Instructions to follow> Reproduce every record below exactly as written, leaving out any pictures.

Extracted data entries
____
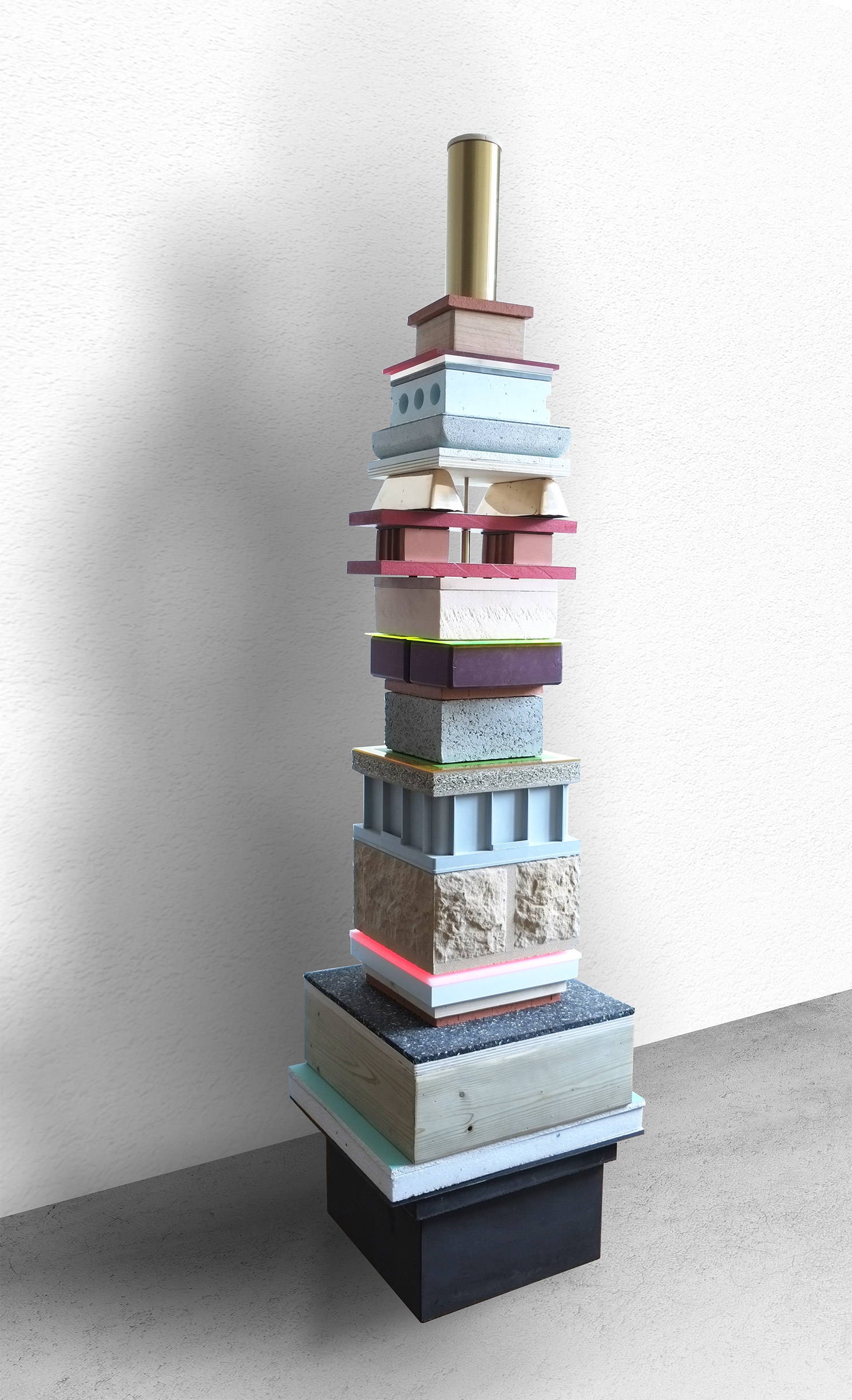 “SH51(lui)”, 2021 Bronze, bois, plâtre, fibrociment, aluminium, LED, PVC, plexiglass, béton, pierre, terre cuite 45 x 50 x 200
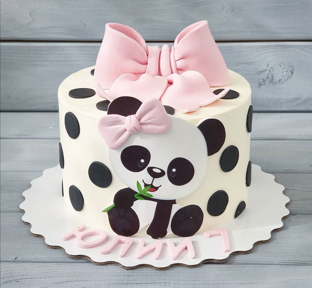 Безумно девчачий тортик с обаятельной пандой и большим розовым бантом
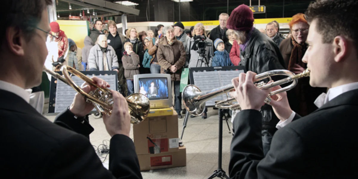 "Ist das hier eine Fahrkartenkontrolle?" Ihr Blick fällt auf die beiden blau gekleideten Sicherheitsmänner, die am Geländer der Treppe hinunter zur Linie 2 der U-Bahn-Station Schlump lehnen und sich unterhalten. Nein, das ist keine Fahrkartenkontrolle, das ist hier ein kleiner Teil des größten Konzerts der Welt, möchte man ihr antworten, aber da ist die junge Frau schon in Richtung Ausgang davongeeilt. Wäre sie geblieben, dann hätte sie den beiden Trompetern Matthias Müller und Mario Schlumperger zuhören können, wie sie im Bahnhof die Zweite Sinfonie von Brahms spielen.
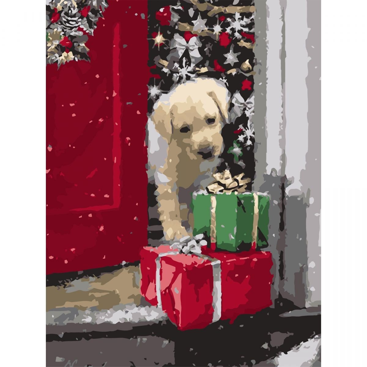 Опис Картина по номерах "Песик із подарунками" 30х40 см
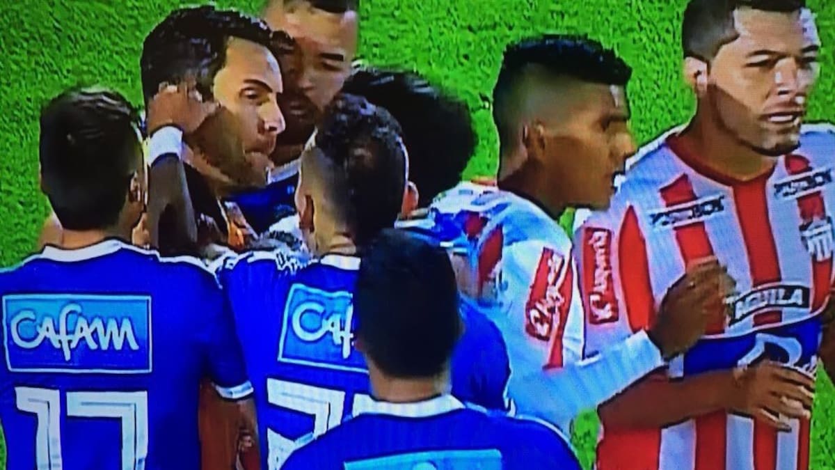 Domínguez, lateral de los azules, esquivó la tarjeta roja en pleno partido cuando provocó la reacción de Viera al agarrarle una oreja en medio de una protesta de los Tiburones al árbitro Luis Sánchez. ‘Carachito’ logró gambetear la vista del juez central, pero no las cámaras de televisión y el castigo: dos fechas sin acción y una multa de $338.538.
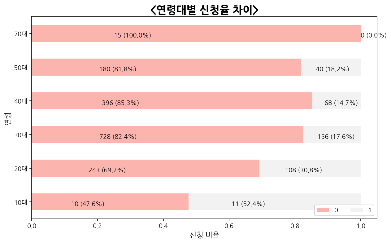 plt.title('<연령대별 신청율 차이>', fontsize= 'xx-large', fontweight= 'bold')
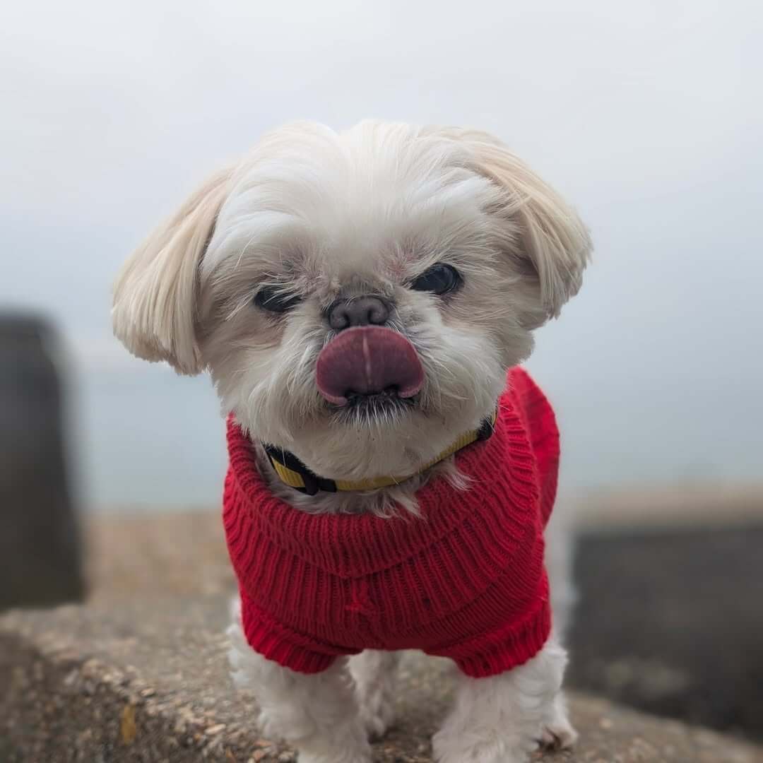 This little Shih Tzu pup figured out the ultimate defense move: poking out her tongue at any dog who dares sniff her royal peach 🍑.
____
Output below>
 “SH51(lui)”, 2021 Bronze, bois, plâtre, fibrociment, aluminium, LED, PVC, plexiglass, béton, pierre, terre cuite 45 x 50 x 200
 Безумно девчачий тортик с обаятельной пандой и большим розовым бантом
 "Ist das hier eine Fahrkartenkontrolle?" Ihr Blick fällt auf die beiden blau gekleideten Sicherheitsmänner, die am Geländer der Treppe hinunter zur Linie 2 der U-Bahn-Station Schlump lehnen und sich unterhalten. Nein, das ist keine Fahrkartenkontrolle, das ist hier ein kleiner Teil des größten Konzerts der Welt, möchte man ihr antworten, aber da ist die junge Frau schon in Richtung Ausgang davongeeilt. Wäre sie geblieben, dann hätte sie den beiden Trompetern Matthias Müller und Mario Schlumperger zuhören können, wie sie im Bahnhof die Zweite Sinfonie von Brahms spielen.
 Опис Картина по номерах "Песик із подарунками" 30х40 см
 Domínguez, lateral de los azules, esquivó la tarjeta roja en pleno partido cuando provocó la reacción de Viera al agarrarle una oreja en medio de una protesta de los Tiburones al árbitro Luis Sánchez. ‘Carachito’ logró gambetear la vista del juez central, pero no las cámaras de televisión y el castigo: dos fechas sin acción y una multa de $338.538.
 plt.title('<연령대별 신청율 차이>', fontsize= 'xx-large', fontweight= 'bold')
 This little Shih Tzu pup figured out the ultimate defense move: poking out her tongue at any dog who dares sniff her royal peach 🍑.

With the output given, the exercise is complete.